Il metodo è che ogni progetto è radicato nel suo territorio, che è anche un ambiente umano, perché per costruire gli edifici, Yalin visita le cave e le fornaci vicine, facendo rivivere mestieri artigianali che vanno scomparendo.
L’architettura organica di Yalin continua a svilupparsi anche dopo la fine del cantiere, in sintonia con il paesaggio in cui è immersa. È un’architettura profondamente legata alla geografia, allo spirito del luogo e alle attività che vi si svolgono.
Martin Rauch
Dell’originario mestiere di ceramista, è l’argilla il materiale che ha condotto Martn Rauch verso l’architettura e le costruzioni. Rauch conobbe per la prima volta le capanne di argilla durante un servizio di volontariato in Africa. In seguito, con la sua impresa Lehm-Ton-Erde (letteralmente, fango, argilla, terra) ha portato in Europa la ricchezza culturale e tecnica della costruzione in terra cruda.
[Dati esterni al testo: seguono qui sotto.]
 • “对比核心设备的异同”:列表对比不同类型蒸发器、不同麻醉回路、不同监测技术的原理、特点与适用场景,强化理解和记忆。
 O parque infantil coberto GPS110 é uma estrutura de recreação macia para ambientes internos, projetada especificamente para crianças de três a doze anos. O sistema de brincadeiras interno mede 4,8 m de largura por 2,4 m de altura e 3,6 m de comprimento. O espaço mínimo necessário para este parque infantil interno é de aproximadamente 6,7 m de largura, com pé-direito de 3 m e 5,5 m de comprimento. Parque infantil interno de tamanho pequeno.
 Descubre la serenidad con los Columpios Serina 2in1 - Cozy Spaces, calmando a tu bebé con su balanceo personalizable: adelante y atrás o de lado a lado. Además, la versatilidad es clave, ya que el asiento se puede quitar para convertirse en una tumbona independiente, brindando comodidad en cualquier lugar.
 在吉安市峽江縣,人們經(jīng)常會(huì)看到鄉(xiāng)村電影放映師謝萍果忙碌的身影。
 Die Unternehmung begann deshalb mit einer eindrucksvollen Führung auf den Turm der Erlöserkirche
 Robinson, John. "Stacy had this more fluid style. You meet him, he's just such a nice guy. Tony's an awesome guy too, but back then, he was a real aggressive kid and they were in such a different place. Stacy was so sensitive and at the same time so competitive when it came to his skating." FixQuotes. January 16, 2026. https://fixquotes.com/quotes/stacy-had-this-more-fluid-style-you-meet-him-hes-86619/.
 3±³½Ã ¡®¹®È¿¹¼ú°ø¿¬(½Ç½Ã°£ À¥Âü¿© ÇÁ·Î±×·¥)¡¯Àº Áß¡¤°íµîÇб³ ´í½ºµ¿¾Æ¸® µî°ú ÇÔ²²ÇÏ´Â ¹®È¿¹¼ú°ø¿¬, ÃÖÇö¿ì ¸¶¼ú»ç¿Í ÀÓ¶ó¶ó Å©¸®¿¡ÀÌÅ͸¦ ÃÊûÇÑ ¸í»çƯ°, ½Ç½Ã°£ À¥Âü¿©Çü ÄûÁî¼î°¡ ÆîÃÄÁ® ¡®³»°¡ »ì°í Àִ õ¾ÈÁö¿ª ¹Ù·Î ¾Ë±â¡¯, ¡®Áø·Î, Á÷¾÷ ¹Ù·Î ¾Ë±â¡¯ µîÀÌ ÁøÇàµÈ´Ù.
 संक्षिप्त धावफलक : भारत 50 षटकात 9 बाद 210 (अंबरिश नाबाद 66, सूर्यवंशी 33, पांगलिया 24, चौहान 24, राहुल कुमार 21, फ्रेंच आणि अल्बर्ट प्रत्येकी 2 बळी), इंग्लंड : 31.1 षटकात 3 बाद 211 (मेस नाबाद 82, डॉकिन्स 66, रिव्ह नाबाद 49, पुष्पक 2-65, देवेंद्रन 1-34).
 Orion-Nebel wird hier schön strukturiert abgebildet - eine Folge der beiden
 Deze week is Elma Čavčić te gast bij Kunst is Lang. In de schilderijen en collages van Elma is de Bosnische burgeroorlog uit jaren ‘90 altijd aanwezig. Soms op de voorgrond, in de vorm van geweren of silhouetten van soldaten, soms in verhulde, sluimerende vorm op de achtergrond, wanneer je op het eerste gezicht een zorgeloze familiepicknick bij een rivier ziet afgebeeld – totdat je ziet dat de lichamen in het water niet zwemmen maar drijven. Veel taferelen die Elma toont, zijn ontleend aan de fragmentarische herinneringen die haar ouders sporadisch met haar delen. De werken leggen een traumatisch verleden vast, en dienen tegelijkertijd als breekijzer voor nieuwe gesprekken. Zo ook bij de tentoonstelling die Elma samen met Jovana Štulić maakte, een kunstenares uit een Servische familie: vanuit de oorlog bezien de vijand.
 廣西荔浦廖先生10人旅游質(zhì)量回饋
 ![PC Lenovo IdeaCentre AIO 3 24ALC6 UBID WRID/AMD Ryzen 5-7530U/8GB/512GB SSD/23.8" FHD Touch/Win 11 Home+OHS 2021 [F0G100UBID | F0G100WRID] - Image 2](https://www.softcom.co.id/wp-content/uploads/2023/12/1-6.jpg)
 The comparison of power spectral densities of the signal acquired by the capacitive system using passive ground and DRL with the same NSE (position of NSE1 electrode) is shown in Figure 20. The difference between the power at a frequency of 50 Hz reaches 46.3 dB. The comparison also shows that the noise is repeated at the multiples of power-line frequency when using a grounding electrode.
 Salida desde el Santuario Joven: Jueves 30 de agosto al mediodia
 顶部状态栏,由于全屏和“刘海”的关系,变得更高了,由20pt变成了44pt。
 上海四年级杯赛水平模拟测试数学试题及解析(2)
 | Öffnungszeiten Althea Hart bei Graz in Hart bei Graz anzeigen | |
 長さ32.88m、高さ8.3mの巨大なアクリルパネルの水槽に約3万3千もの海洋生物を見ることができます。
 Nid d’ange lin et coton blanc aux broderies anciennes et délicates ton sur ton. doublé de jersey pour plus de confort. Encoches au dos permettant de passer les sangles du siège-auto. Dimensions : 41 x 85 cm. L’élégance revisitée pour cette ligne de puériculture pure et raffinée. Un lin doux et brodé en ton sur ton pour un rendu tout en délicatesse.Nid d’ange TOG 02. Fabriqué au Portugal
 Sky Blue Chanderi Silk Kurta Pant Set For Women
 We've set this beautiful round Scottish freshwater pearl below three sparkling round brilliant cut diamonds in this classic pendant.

Ecologista convinto, oltre che esteta, Rauch estrae l’argilla dal sito del cantiere, ristabilendo un legame tra edificio e paesaggio. Autodidatta, ha trasformato l’argilla in un materiale contemporaneo, inventando macchine per la prefabbricazione di muri e avviare costruzioni in terra su larga scala.
Oggi Martin Rauch è un esperto consultato da grandi architetti come Herzog & de Meuron, Lina Ghotmeh, Anna Heringer, Snøhetta.